Hanjun Kim  

Associate Professor
School of Electrical and Electronic Engineering, Yonsei University

Ph.D. 2013, Department of Computer Science, Princeton University

Refereed International Conference Publications

PID-Comm: A Fast and Flexible Collective Communication Framework for Commodity Processing-in-DIMMs [abstract]
Junguk Hong, Si Ung Noh, Chaemin Lim, Seongyeon Park, Jeehyun Kim, Hanjun Kim, Youngsok Kim, and Jinho Lee
To Appear: The 51st Annual International Symposium on Computer Architecture (ISCA), July 2024.
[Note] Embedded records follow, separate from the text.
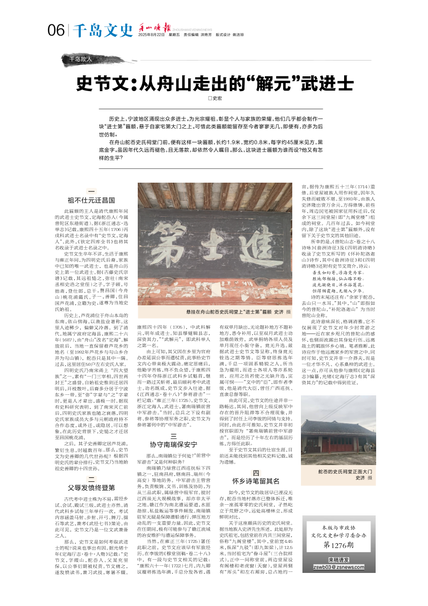 史节文:从舟山走出的“解元”武进士
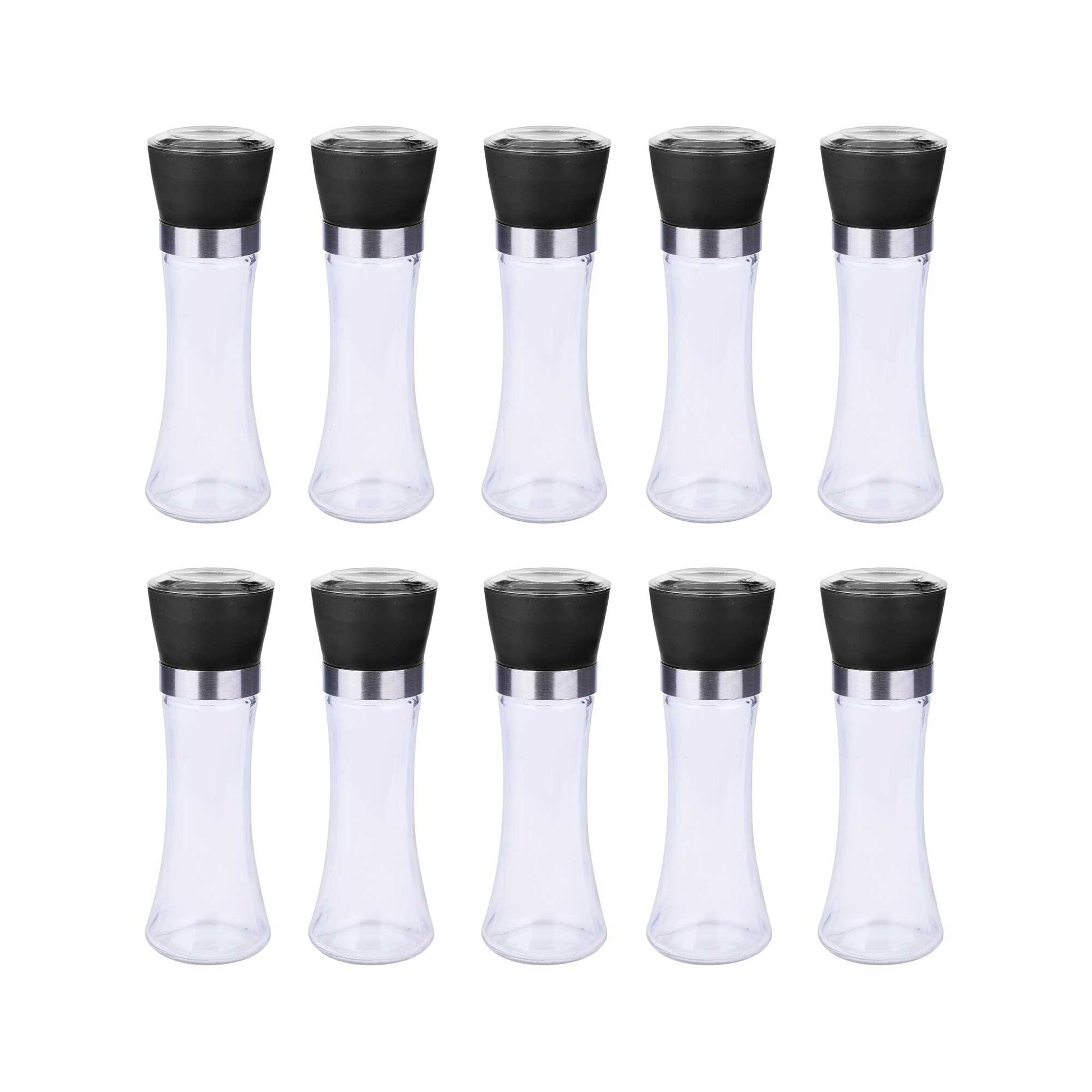 10x 180ml Glass Salt or Pepper Grinder 18cm - Adjustable Ceramic Core Tall Mill
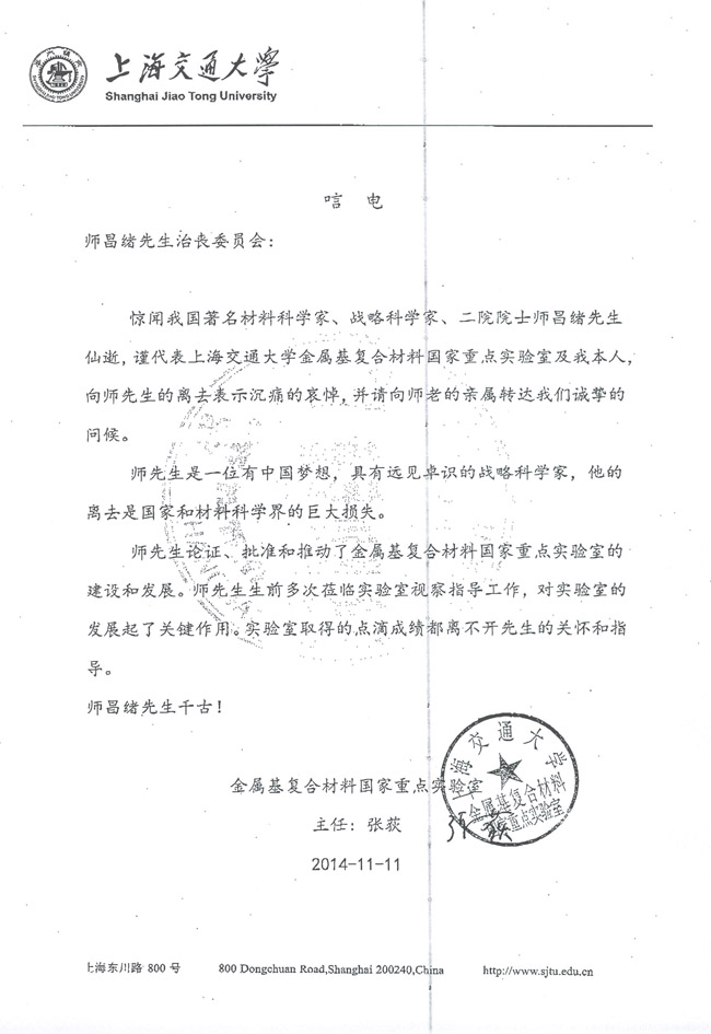 上海交通大学金属基复合材料国家重点实验室致唁电
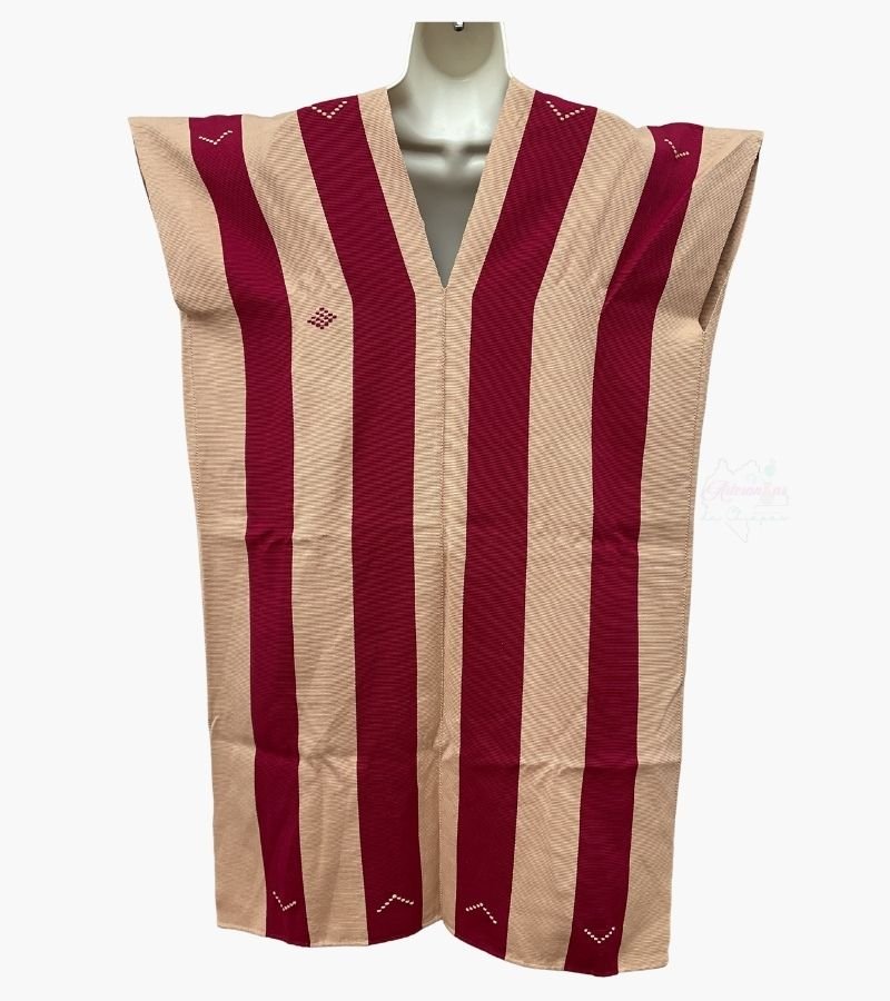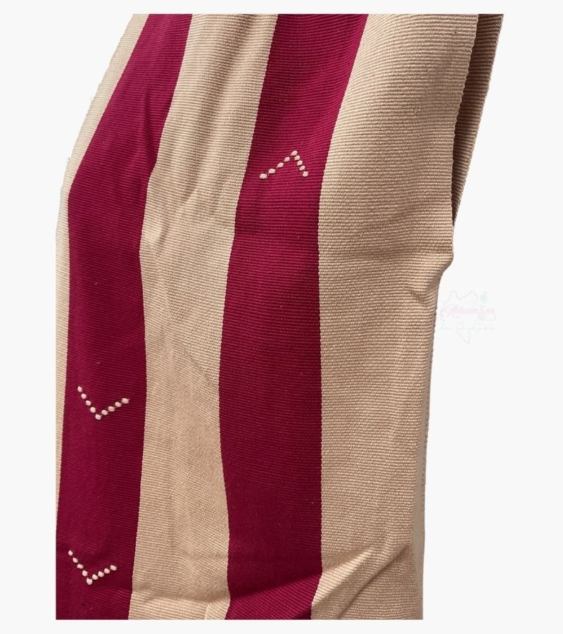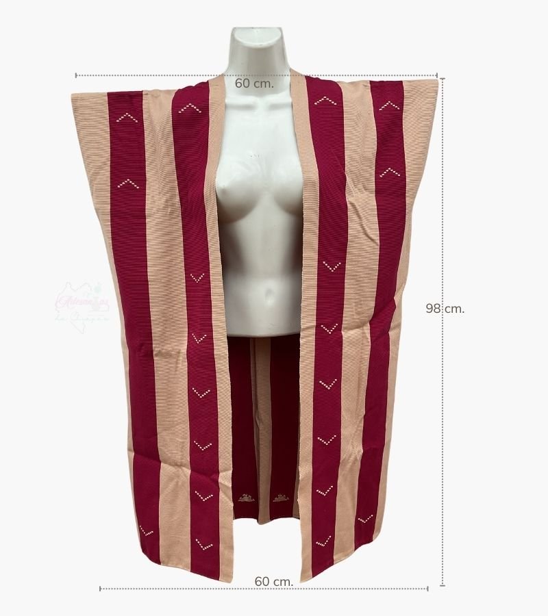 Este huipil tipo saco/gabán en tonos rojo profundo y beige es una prenda diseñada para quienes quieren proyectar seguridad, elegancia y carácter. Su diseño largo y abierto estiliza la figura, mientras que sus líneas verticales.
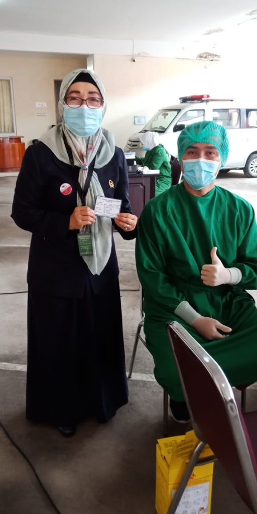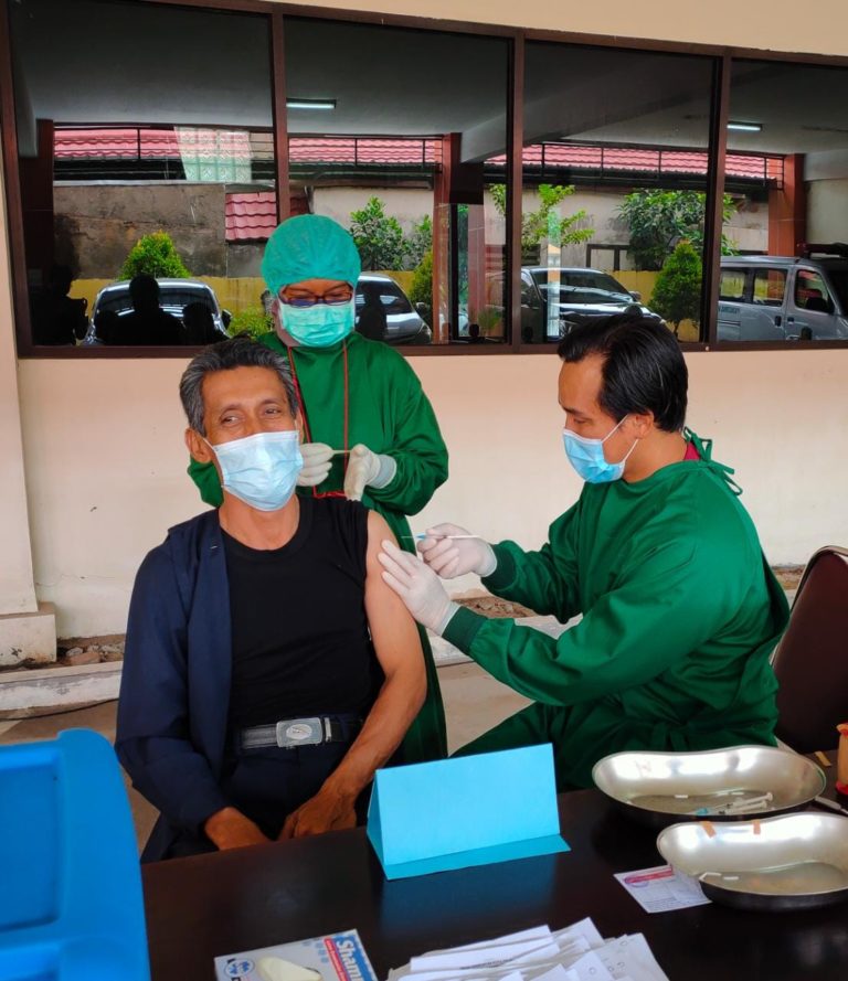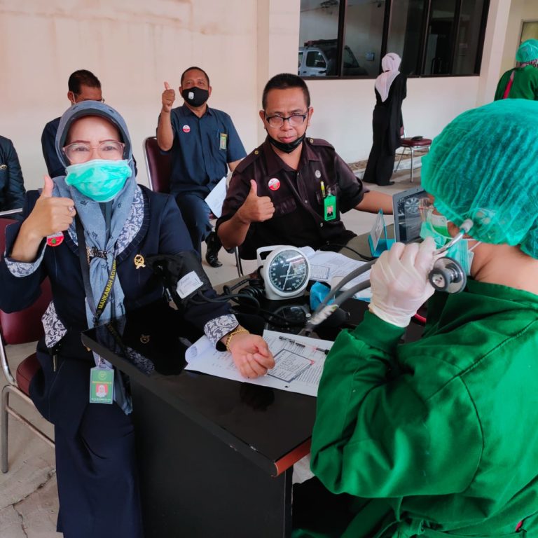 pa-palangkaraya.go.id || Pada Senin pagi (22/03) Seluruh pegawai Pengadilan Agama Palangka Raya Kelas 1A, mulai dari Wakil Ketua, hingga pegawai honorer menerima vaksinasi Covid-19 tahap pertama. Program pemberian vaksinasi covid-19 di PA Palangka Raya ini dilaksanakan oleh tenaga medis dari Dinas Kesehatan melalui Puskesmas Jekan Raya.

Recent dual in-line memory modules (DIMMs) are starting to support processing-in-memory (PIM) by associating their memory banks with processing elements (PEs), allowing applications to overcome the data movement bottleneck by offloading memory-intensive operations to the PEs. Many highly parallel applications have been shown to benefit from these PIM-enabled DIMMs, but further speedup is often limited by the huge overhead of inter-PE communication. This mainly comes from the slow CPU-mediated inter-PE communication methods which incurs significant performance overheads, making it difficult for PIM-enabled DIMMs to accelerate a wider range of applications. Prior studies have tried to alleviate the communication bottleneck, but they lack enough flexibility and performance to be used for a wide range of applications. In this paper, we present PID-Comm, a fast and flexible collective inter-PE communication framework for commodity PIM-enabled DIMMs. The key idea of PID-Comm is to abstract the PEs as a multi-dimensional hypercube and allow multiple instances of collective inter-PE communication between the PEs belonging to certain dimensions of the hypercube. Leveraging this abstraction, PID-Comm first defines eight collective inter-PE communication patterns that allow applications to easily express their complex communication patterns. Then, PID-Comm provides high-performance implementations of the collective inter-PE communication patterns optimized for the DIMMs. Our evaluation using 16 UPMEM DIMMs and representative parallel algorithms shows that PID-Comm greatly improves the performance by up to 4.20× compared to the existing inter-PE communication implementations.